**What the task asks**
I need every line from the start of the material below up to and including the line containing "Dark Chocolate Brownie", restated exactly, with the pictures omitted.

**Available data**
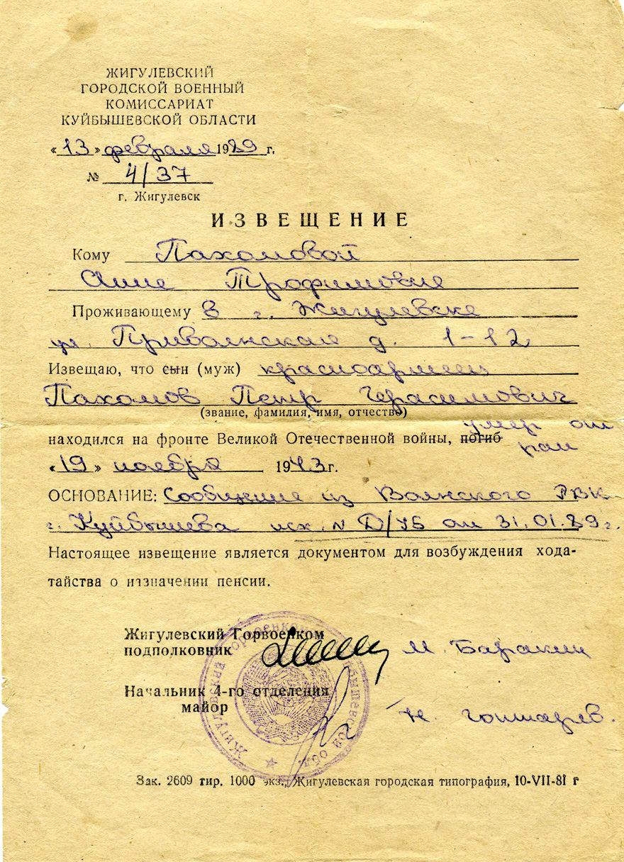 Петр Герасимович Пахомов родился в 1898 году, в мирное время работал на на строительстве Куйбышевского гидроузла, на жигулевском известковом заводе в селе Ширяево. На фронтах Великой Отечественной воевал с 1 октября 1941-го, носил звание красноармеец. Во время одного из боев Петр Герасимович был ранен. Спасти его не удалось. Петр Пахомов умер от ран 19 ноября 1943 года.
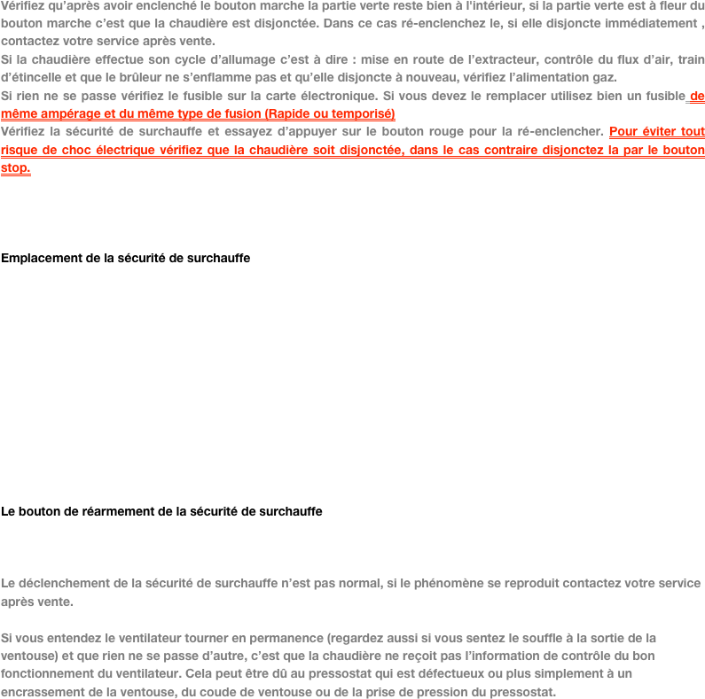 Faites un puisage d’eau chaude sanitaire, vérifiez que vous ayez un débit d’enclenchement suffisant à savoir au moins 3 l/mn . Si le débit est insuffisant, par exemple un filet d’eau, la chaudière ne s’enclenchera pas . Si tel est le cas, vérifiez que les aérateurs des robinets ne soient pas bouchés. Si c’est juste à un robinet que ça coule mal alors que les aérateurs sont propres , faites vérifier votre robinet. Si ça coule mal à tous les robinets c’est sûrement le corps de chauffe de votre chaudière qui est bouché, dans ce cas contactez votre service après vente. N’essayez pas de le déboucher vous même avec de l’acide, vous risquez de l’endommager définitivement (coût environ 300 €). Un détartrage réussi s’effectue avec une détartreuse.
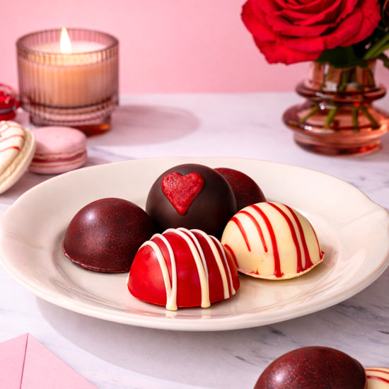 Dark Chocolate Brownie and Mallow Raspberry Heart & Love Bite (Dark Chocolate (62.1%) (Cocoa Mass, Sugar, Cocoa Butter, Emulsifier: Soya Lecithin, Natural Vanilla Flavouring), Brownie ((Sugar, Pasteurised Free Range Whole Egg, Butter (Milk), Cocoa Mass, Cocoa Butter, Fat-Reduced Cocoa Powder, Wheat Flour (Wheat, Calcium Carbonate, Iron, Niacin, Thiamine), Cocoa Powder, Emulsifier: Soya Lecithin, Vanilla Extract, Acidity Regulators (E525, E501(i)), Salt), Italian Meringue (Sugar, Egg White Powder, Water, Vanilla Flavouring (Water, (E1520), Caramel Sugar Syrup, Thickener (E415), Acidity Regulator (Citric Acid), Preservative (E202), Glycerol (E442)), Raspberry Seedless Jam (5.4%) (Glucose Syrup, Sugar, Concentrated Raspberry Purée, Water, Gelling Agent: Pectin (E440), Acidity Regulators: Citric Acid (E330), Trisodium Citrate (E331), Colour: Anthocyanins (E163) ((Sulphur Dioxide (Sulphites)), Flavouring, Red Chocolate Decoration (1.7%)
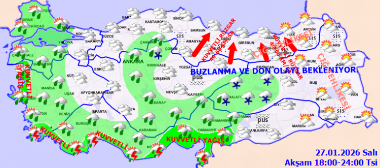 ANKARA (İGFA) - Marmara, Ege, Akdeniz, İç Anadolu ve Güneydoğu Anadolu ile Batı Karadeniz'in batı, Doğu Anadolu'nun güney ve batı kesimlerinin yağışlı geçeceği, genellikle yağmur ve sağanak, yurdun doğu kesimlerinde karla karışık yağmur ve kar şeklinde görülecek yağışların, Ege ve Akdeniz kıyıları, Güneydoğu Anadolu ve Doğu Anadolu'nun güney ve batısında yer yer kuvvetli olacağı tahmin ediliyor. Doğu Karadeniz'in iç kesimlerinin yüksekleri ile Doğu Anadolu'nun doğusunun yüksek kar örtüsüne sahip eğimli kesimlerinde çığ tehlikesi bulunmaktadır.

**Response area**
 Петр Герасимович Пахомов родился в 1898 году, в мирное время работал на на строительстве Куйбышевского гидроузла, на жигулевском известковом заводе в селе Ширяево. На фронтах Великой Отечественной воевал с 1 октября 1941-го, носил звание красноармеец. Во время одного из боев Петр Герасимович был ранен. Спасти его не удалось. Петр Пахомов умер от ран 19 ноября 1943 года.
 Faites un puisage d’eau chaude sanitaire, vérifiez que vous ayez un débit d’enclenchement suffisant à savoir au moins 3 l/mn . Si le débit est insuffisant, par exemple un filet d’eau, la chaudière ne s’enclenchera pas . Si tel est le cas, vérifiez que les aérateurs des robinets ne soient pas bouchés. Si c’est juste à un robinet que ça coule mal alors que les aérateurs sont propres , faites vérifier votre robinet. Si ça coule mal à tous les robinets c’est sûrement le corps de chauffe de votre chaudière qui est bouché, dans ce cas contactez votre service après vente. N’essayez pas de le déboucher vous même avec de l’acide, vous risquez de l’endommager définitivement (coût environ 300 €). Un détartrage réussi s’effectue avec une détartreuse.
 Dark Chocolate Brownie and Mallow Raspberry Heart & Love Bite (Dark Chocolate (62.1%) (Cocoa Mass, Sugar, Cocoa Butter, Emulsifier: Soya Lecithin, Natural Vanilla Flavouring), Brownie ((Sugar, Pasteurised Free Range Whole Egg, Butter (Milk), Cocoa Mass, Cocoa Butter, Fat-Reduced Cocoa Powder, Wheat Flour (Wheat, Calcium Carbonate, Iron, Niacin, Thiamine), Cocoa Powder, Emulsifier: Soya Lecithin, Vanilla Extract, Acidity Regulators (E525, E501(i)), Salt), Italian Meringue (Sugar, Egg White Powder, Water, Vanilla Flavouring (Water, (E1520), Caramel Sugar Syrup, Thickener (E415), Acidity Regulator (Citric Acid), Preservative (E202), Glycerol (E442)), Raspberry Seedless Jam (5.4%) (Glucose Syrup, Sugar, Concentrated Raspberry Purée, Water, Gelling Agent: Pectin (E440), Acidity Regulators: Citric Acid (E330), Trisodium Citrate (E331), Colour: Anthocyanins (E163) ((Sulphur Dioxide (Sulphites)), Flavouring, Red Chocolate Decoration (1.7%)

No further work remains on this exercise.